Correlate greenery visibility, air proxies and acoustic buffering with fatigue and perceived restoration.

The Paris Périphérique creates a before/after acoustic measurement condition that cannot be replicated anywhere else. BfNA's Applied R&D would deploy continuous acoustic monitoring on the park deck above and at street level below - quantifying the 8-12 dB noise reduction across the motorway cross-section and correlating it with cortisol and sleep quality measurements in the residential population above.
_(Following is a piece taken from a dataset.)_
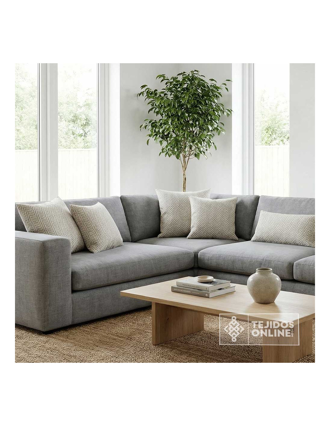 Si buscas un tejido duradero, con estilo y preparado para vestir cualquier estancia con un toque limpio y moderno, esta tela de espigas será tu favorita.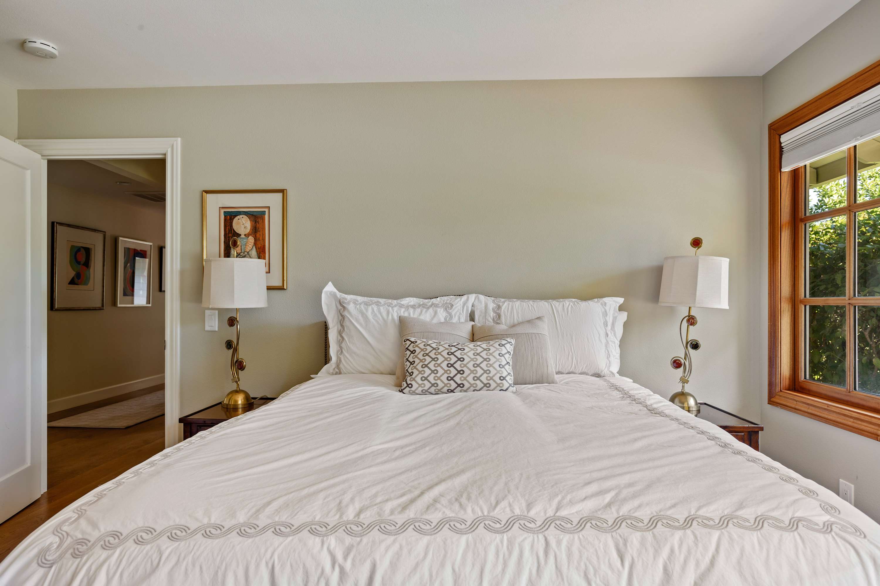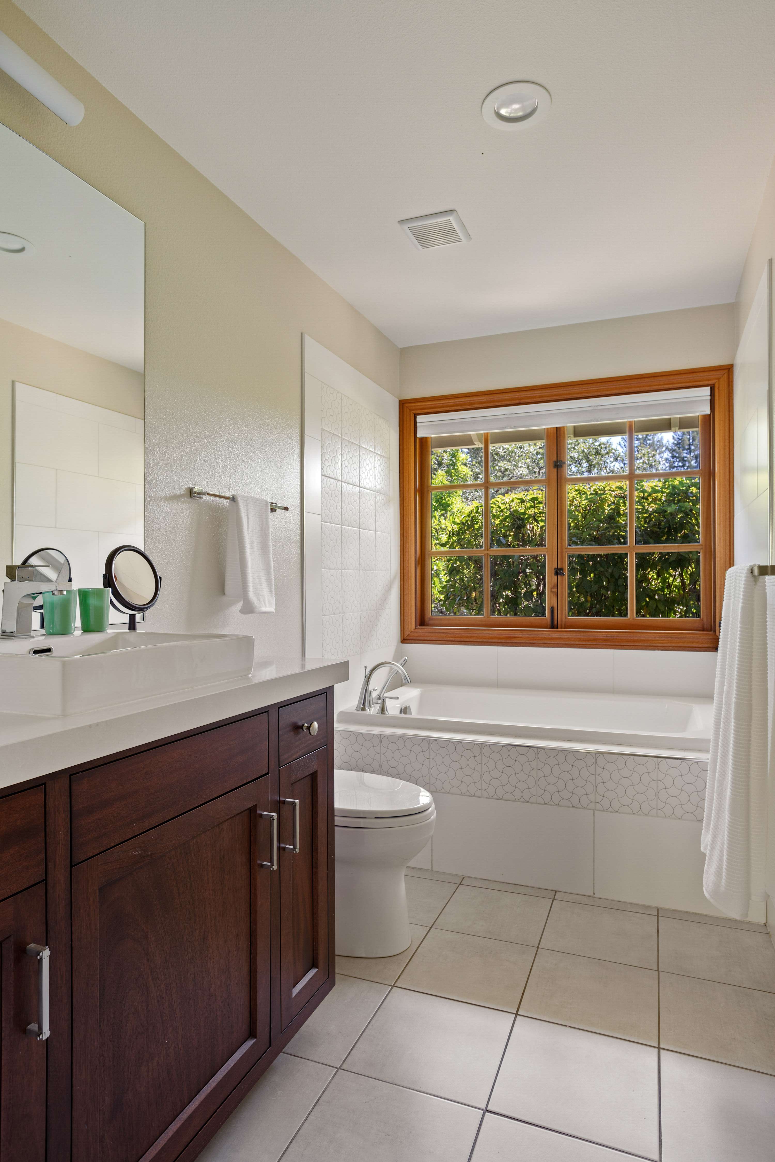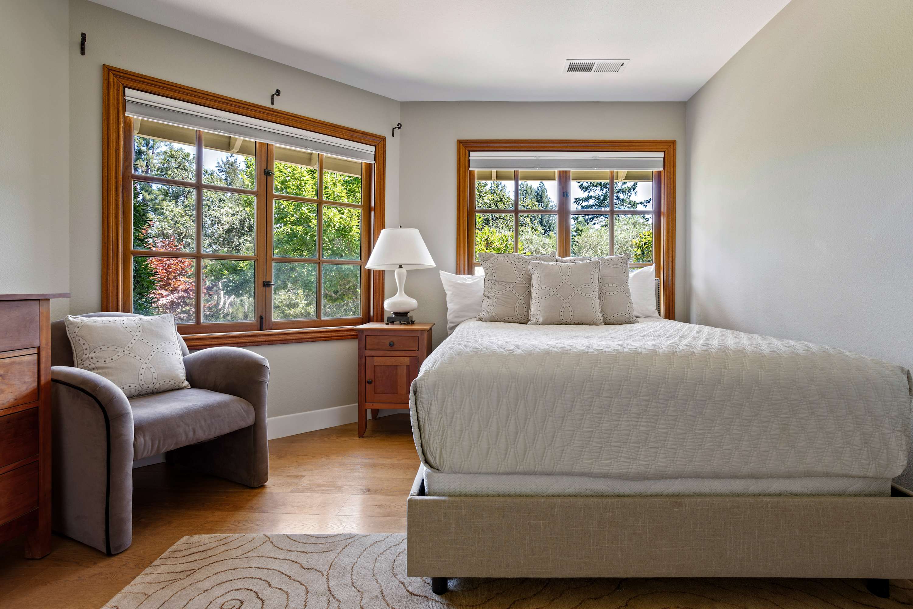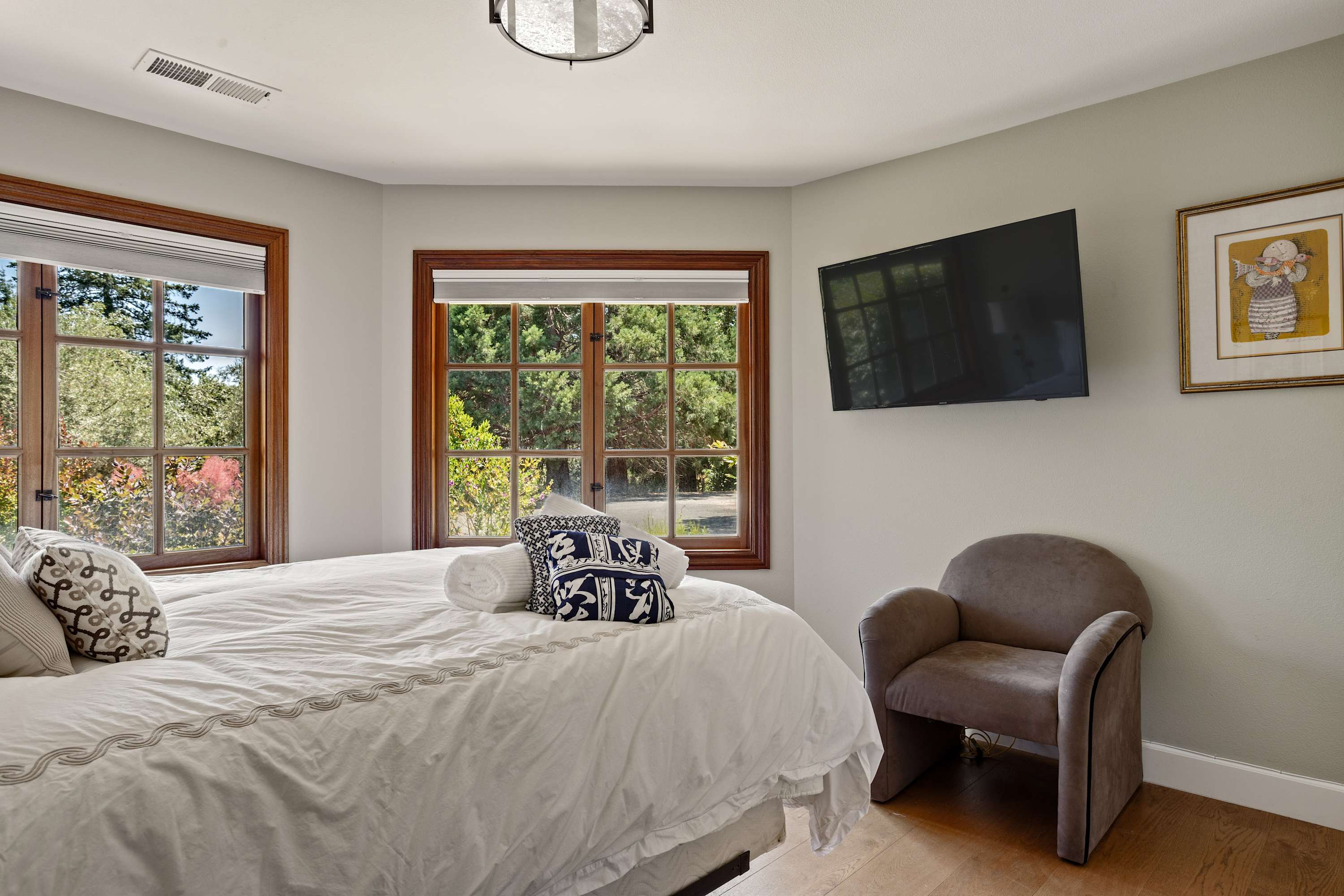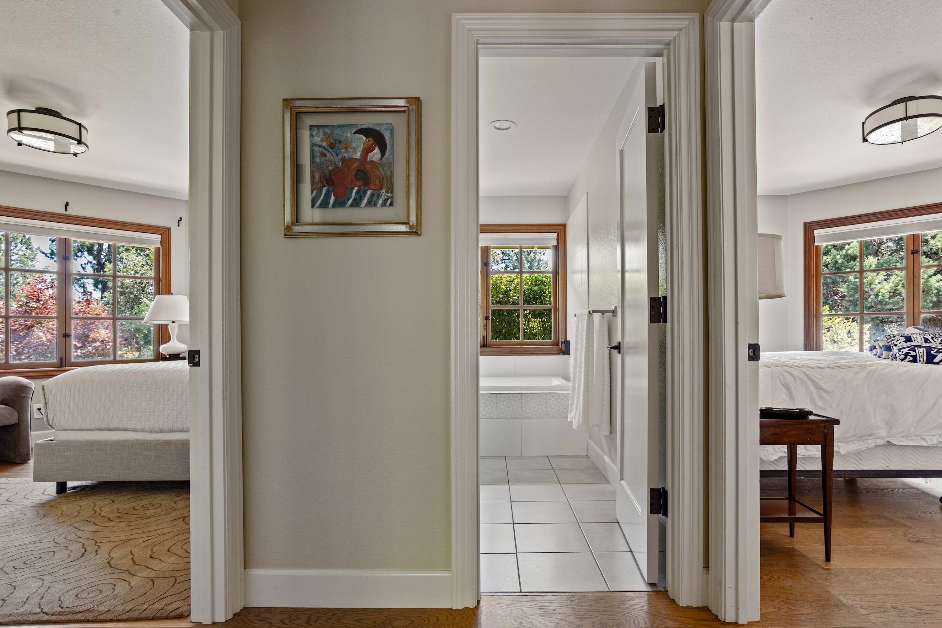 Jack and Jill Bedrooms: Each furnished with a queen bed and its own TV. Both rooms offer lovely views of the beautifully landscaped front yard and share a well-appointed bathroom that features a tub with shower wand.

The trees are simultaneously a carbon measurement instrument and a neural one: each year of growth deepens the acoustic attenuation and the restorative capacity. The question BfNA asks: does a living urban canopy improve measurably with age? In Paris, above the Périphérique, we will know.Future data layer: deployed through BfNA, the project could become a longitudinal dataset linking environmental conditions, behavioural patterns, social outcomes and ecological performance / transforming built space into knowledge for future design.